### Prompt
Only one stretch of the data below should be repeated: the lines from the line containing "With several different" through the line containing "Готовый и полный", inclusive, exactly as they are.

(Recorded data)
BEGIN

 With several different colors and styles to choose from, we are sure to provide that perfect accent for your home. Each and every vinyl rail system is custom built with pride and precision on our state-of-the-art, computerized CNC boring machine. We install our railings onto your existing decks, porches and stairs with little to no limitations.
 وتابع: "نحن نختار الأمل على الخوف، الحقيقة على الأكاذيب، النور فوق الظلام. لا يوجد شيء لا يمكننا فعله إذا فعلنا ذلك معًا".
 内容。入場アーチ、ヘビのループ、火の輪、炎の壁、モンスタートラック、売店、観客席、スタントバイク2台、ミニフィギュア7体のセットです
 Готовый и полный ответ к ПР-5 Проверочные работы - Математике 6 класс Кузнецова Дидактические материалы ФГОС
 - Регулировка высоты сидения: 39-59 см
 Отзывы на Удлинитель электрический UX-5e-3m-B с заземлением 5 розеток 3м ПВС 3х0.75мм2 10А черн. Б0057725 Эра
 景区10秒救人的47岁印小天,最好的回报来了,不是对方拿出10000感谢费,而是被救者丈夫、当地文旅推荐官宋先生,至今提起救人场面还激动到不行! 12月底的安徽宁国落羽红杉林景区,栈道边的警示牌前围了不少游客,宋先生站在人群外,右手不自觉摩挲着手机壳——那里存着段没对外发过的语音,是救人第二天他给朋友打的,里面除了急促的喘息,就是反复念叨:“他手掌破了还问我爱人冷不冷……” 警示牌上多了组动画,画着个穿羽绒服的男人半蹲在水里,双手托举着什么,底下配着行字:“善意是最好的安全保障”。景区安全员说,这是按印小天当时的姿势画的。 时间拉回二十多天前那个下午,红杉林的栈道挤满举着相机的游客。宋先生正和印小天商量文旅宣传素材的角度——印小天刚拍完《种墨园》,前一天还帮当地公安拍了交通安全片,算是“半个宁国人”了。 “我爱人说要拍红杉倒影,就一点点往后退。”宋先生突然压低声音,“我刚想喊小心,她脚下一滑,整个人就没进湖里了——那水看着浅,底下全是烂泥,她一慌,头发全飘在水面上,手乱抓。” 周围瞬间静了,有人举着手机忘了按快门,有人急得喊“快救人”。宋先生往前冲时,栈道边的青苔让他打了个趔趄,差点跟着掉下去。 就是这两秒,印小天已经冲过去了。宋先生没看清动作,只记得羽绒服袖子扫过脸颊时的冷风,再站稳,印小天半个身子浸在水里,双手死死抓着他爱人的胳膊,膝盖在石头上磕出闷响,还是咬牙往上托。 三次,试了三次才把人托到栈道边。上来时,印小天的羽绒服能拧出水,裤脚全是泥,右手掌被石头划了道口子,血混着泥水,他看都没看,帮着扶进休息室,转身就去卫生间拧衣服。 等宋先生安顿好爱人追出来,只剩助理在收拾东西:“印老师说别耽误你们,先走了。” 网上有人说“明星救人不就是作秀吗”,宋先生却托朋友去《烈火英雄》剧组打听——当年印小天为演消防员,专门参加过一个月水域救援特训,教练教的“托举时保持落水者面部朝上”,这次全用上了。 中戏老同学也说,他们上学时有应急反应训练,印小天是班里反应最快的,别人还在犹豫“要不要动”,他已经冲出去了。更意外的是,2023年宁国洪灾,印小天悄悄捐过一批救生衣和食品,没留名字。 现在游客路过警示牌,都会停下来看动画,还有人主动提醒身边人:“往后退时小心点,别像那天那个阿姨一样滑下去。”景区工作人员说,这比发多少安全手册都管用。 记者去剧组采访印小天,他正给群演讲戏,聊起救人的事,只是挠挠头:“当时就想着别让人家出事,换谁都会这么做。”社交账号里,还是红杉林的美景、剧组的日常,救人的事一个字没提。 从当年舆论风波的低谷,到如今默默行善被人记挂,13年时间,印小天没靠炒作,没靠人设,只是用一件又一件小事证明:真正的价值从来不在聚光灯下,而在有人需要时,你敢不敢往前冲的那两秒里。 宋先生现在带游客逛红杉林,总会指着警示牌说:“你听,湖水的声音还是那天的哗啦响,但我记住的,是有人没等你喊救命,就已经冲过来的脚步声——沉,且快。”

END
BEGIN

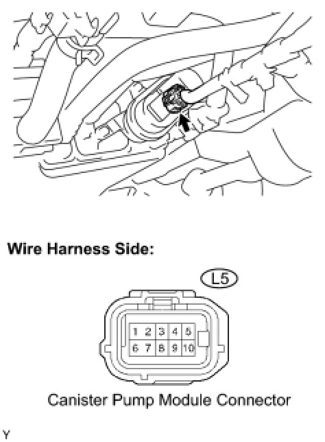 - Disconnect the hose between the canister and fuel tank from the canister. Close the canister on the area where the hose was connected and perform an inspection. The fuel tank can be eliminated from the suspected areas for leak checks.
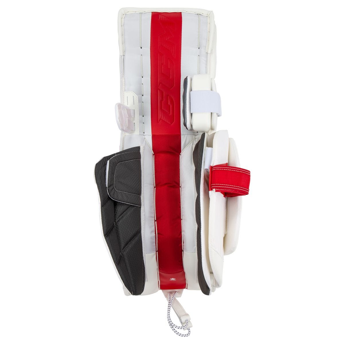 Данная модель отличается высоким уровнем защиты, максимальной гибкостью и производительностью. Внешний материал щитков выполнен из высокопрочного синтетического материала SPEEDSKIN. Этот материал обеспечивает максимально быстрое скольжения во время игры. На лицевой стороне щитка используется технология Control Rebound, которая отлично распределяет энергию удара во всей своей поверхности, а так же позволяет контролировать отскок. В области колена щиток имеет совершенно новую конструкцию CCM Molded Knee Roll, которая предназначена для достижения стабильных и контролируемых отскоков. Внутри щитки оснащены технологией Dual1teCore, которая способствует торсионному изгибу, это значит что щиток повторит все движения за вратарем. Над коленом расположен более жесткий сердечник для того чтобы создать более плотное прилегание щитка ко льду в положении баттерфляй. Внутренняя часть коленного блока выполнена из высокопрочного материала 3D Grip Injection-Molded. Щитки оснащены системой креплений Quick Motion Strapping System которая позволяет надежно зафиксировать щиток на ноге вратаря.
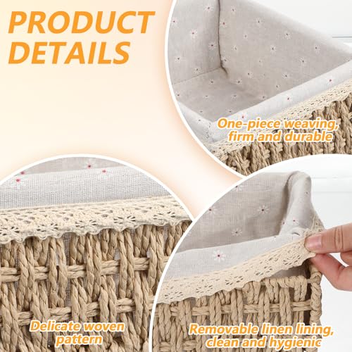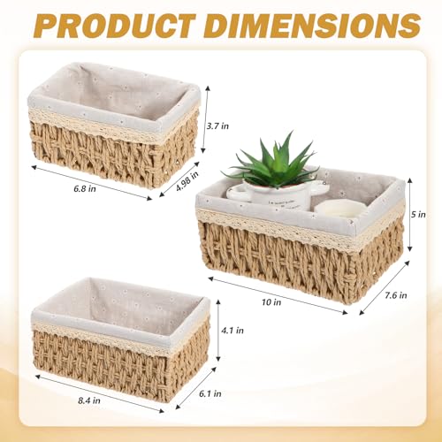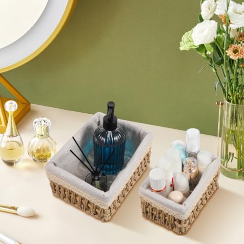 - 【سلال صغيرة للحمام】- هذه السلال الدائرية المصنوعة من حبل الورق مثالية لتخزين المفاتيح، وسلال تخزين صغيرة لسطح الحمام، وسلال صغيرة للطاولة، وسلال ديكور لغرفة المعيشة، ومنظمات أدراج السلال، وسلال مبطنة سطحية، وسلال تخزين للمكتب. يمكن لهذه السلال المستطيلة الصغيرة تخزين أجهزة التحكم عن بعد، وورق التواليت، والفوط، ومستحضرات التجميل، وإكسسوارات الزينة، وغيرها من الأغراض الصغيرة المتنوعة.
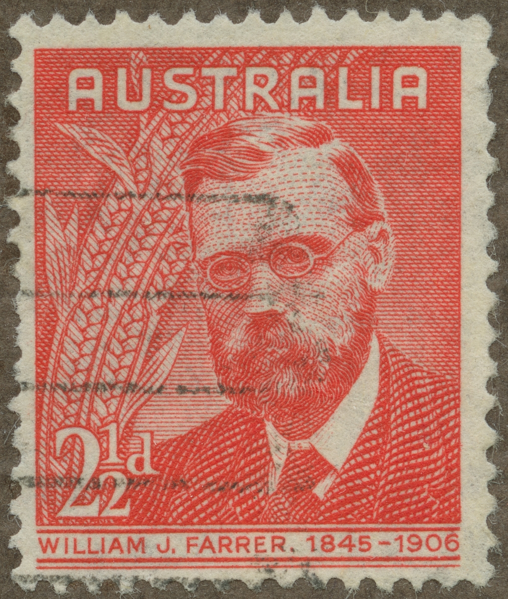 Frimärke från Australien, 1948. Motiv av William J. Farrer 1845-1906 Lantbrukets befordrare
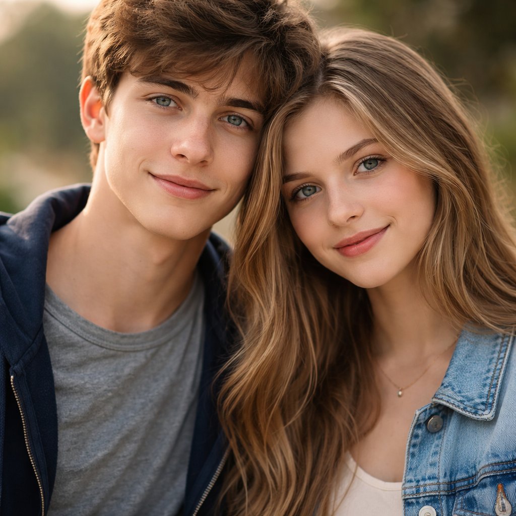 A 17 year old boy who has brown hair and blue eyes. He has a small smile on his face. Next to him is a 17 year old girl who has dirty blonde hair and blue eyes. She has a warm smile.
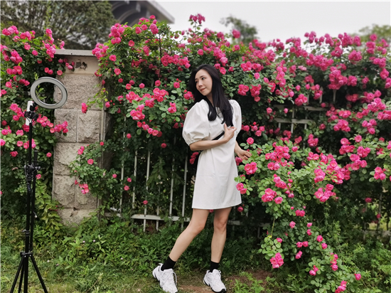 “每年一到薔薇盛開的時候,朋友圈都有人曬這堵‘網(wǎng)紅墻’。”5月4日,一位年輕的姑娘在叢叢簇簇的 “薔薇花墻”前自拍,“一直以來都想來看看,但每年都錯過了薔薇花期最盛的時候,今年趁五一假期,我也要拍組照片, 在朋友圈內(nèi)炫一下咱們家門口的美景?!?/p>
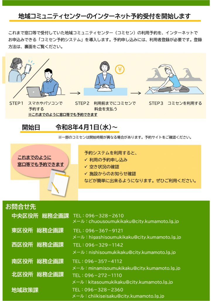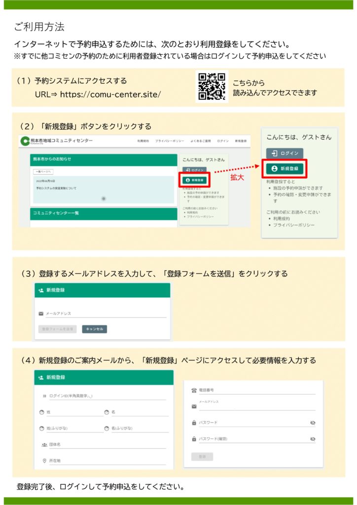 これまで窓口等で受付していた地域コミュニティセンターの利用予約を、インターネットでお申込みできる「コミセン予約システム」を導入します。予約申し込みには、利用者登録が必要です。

END

### Response
 With several different colors and styles to choose from, we are sure to provide that perfect accent for your home. Each and every vinyl rail system is custom built with pride and precision on our state-of-the-art, computerized CNC boring machine. We install our railings onto your existing decks, porches and stairs with little to no limitations.
 وتابع: "نحن نختار الأمل على الخوف، الحقيقة على الأكاذيب، النور فوق الظلام. لا يوجد شيء لا يمكننا فعله إذا فعلنا ذلك معًا".
 内容。入場アーチ、ヘビのループ、火の輪、炎の壁、モンスタートラック、売店、観客席、スタントバイク2台、ミニフィギュア7体のセットです
 Готовый и полный ответ к ПР-5 Проверочные работы - Математике 6 класс Кузнецова Дидактические материалы ФГОС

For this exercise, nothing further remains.